Breck Carter said...

Clarification: When I say "calculated these numbers" I mean "performed some operation involving operators like * and / and cos and tanh". It is possible that an application program used something like i = i + 1 to come up with a new value.

Anonymous said...

I fully agree that double (or any other floating point type) should never be used with key columns. You don't talk about any existing FKs to these double values - so be glad if there aren't any...

That being said, double does have its uses IMHO. And for several APIs, it's far easier to map double to an according programming language datatype than a decimal type - think of ODBC and C/C++ where the double representation is identical in both worlds whereas there's no standard decimal/numeric type in C/C++. But of course, that's not the best choice for values that have to be exact. No doubt.


Anonymous said...

By the way, what's the linkt between double and the Foxhound display image?

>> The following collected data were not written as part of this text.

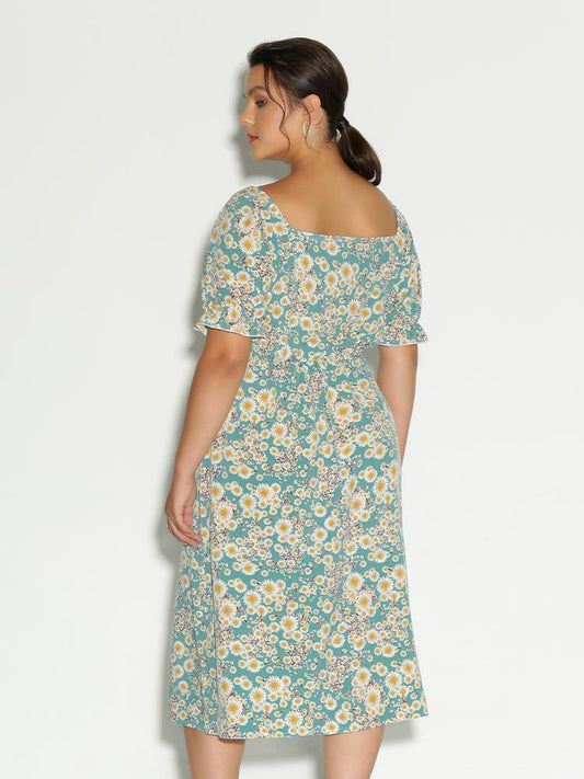 Square Neck Floral Dress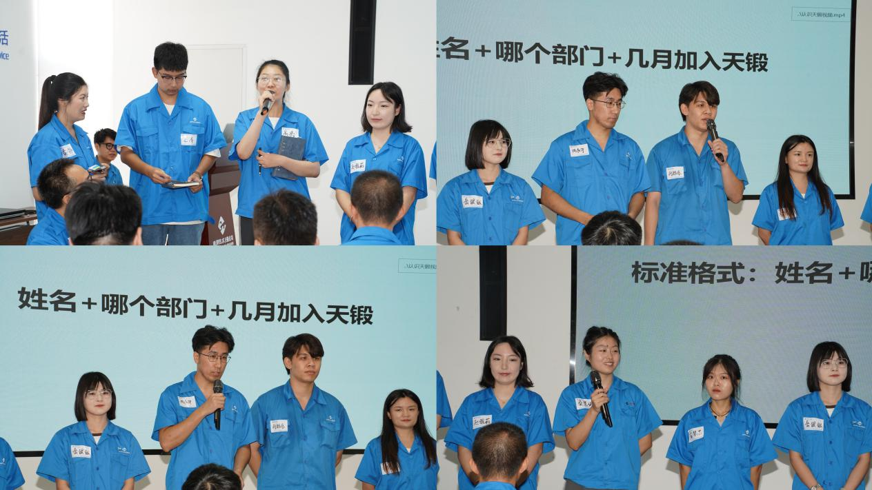 新員工入職儀式以“來天鍛,我們一起干,前程無限”為主題,通過觀看公司宣傳片、新老員工自我介紹和隨機問答、互動交流等方式,幫助新員工了解公司基本情況、認識新老同事,增進同事間的交流與融合。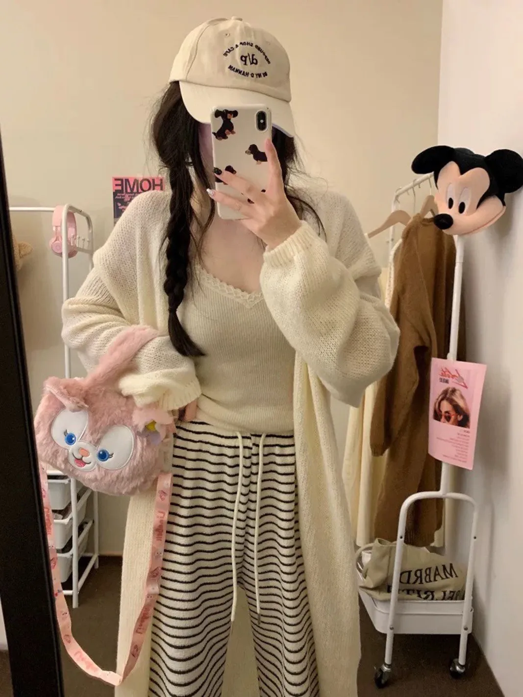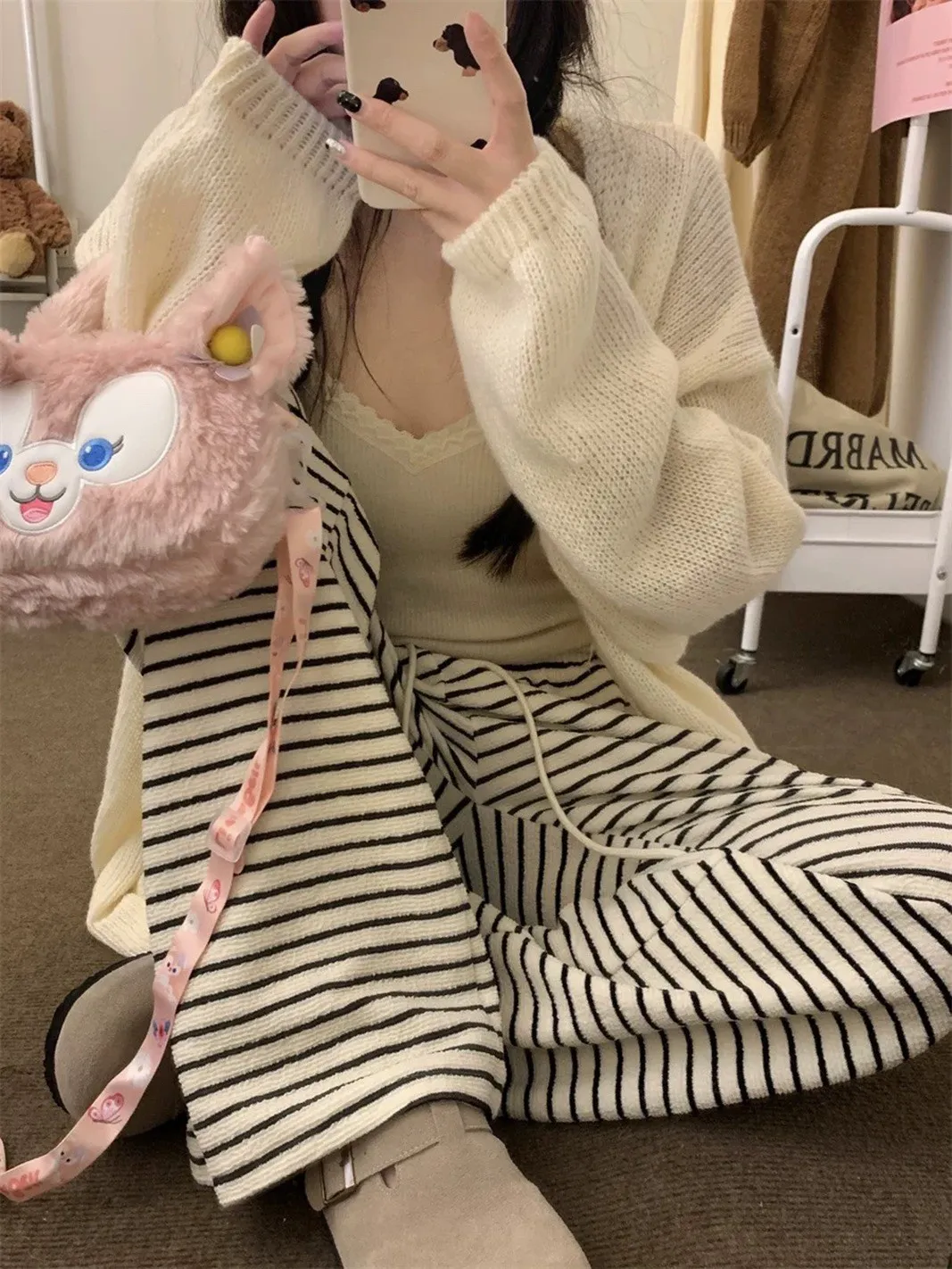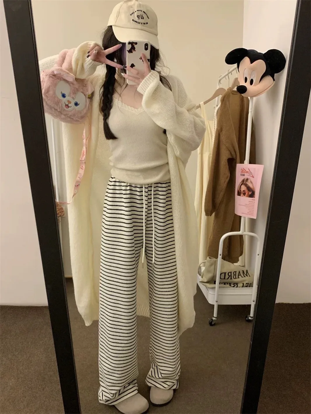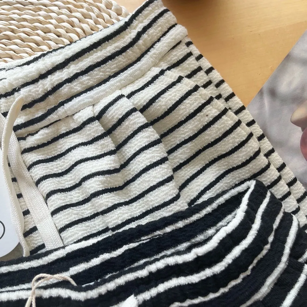 【條紋慵懶系】韓系毛巾直筒闊腿褲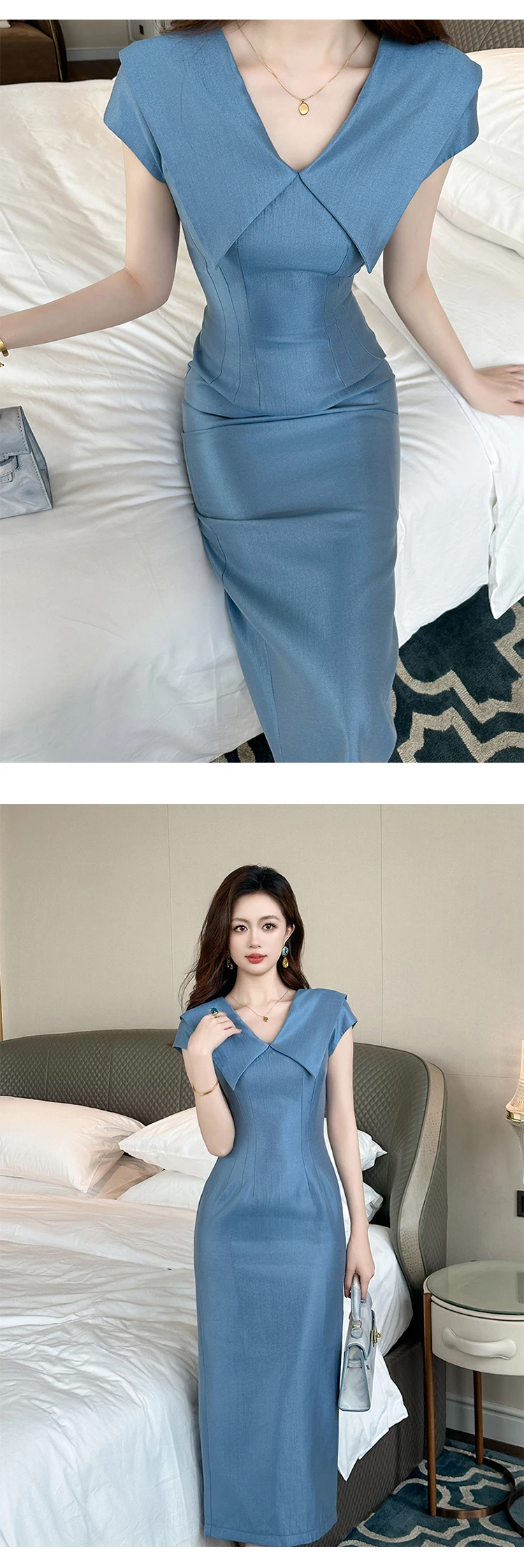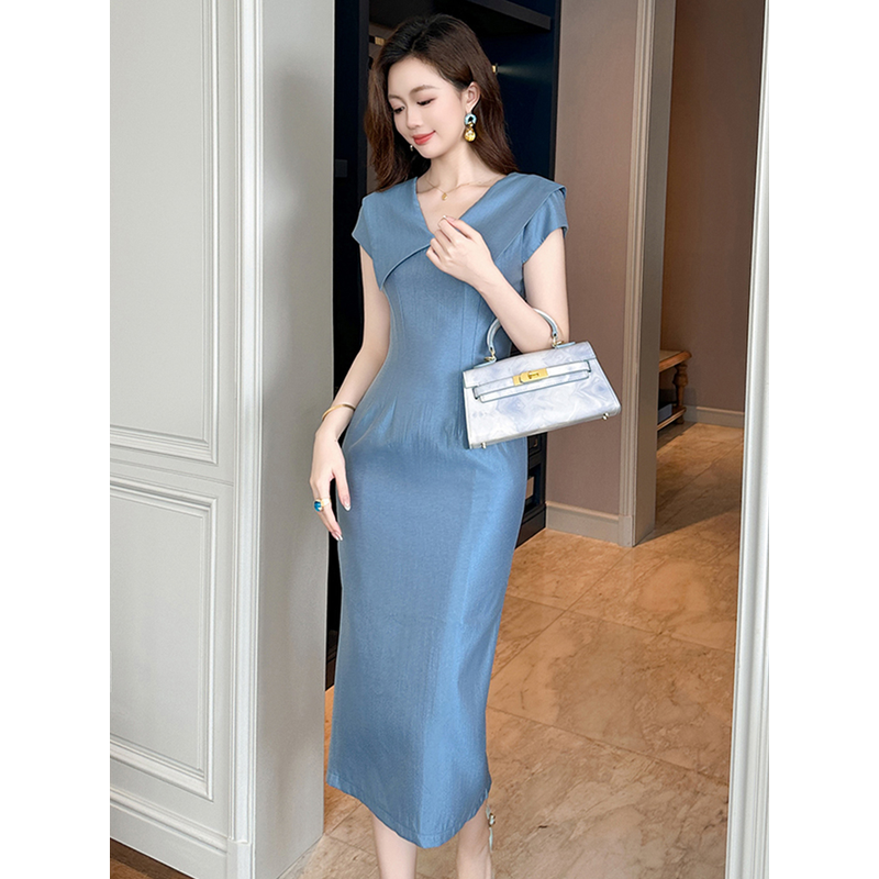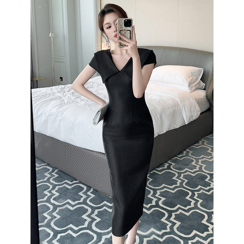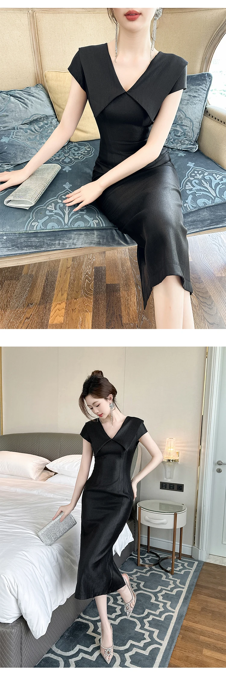 Summer Commute Formal Occasion Dress Women Clothes Elegant Lady Retro Solid Simple Lapel Short Sleeve Slim Midi Pencil Vestidos

Ah, I see: Foxhound is gonna deliver *exact* values, not estimates:)


Breck Carter said...

@Volker: The Foxhound screenshot is showing how the UPDATE...ROUND statement took a long time to run and grabbed 1.2 million row locks... as in "bite the bullet" :) As for foreign keys, there are no explicit foreign keys, but there ARE logical relationships. I have not investigated how to deal with them yet... I fully expect more problems, but at least I know what to look for.

Rick Regan said...

I'm not arguing that doubles are a good choice for a business app or for primary keys. I was just arguing that doubles might not be causing this particular problem. I don't see how these variables became "corrupted" by floating-point without calculations being done on them (if stored in doubles as integers, < 2^53, then left alone, they would still be integers!)

Breck Carter said...

In spite of my earlier guesswork, I too no idea how these values found their way into the Access database. However, I have confirmed that yes, in fact, those exact values are stored. Microsoft Access can only display them as rounded integers, but when you do an Access filter "Equals..." you don't get any hits on the rounded integers, only on the exact numbers with the .0000001 etcetera. This definitely confirms the error was introduced in earlier times, in the Access database. My point is that such an error would not have occurred, COULD not have occurred, if an integer or decimal data type had been used.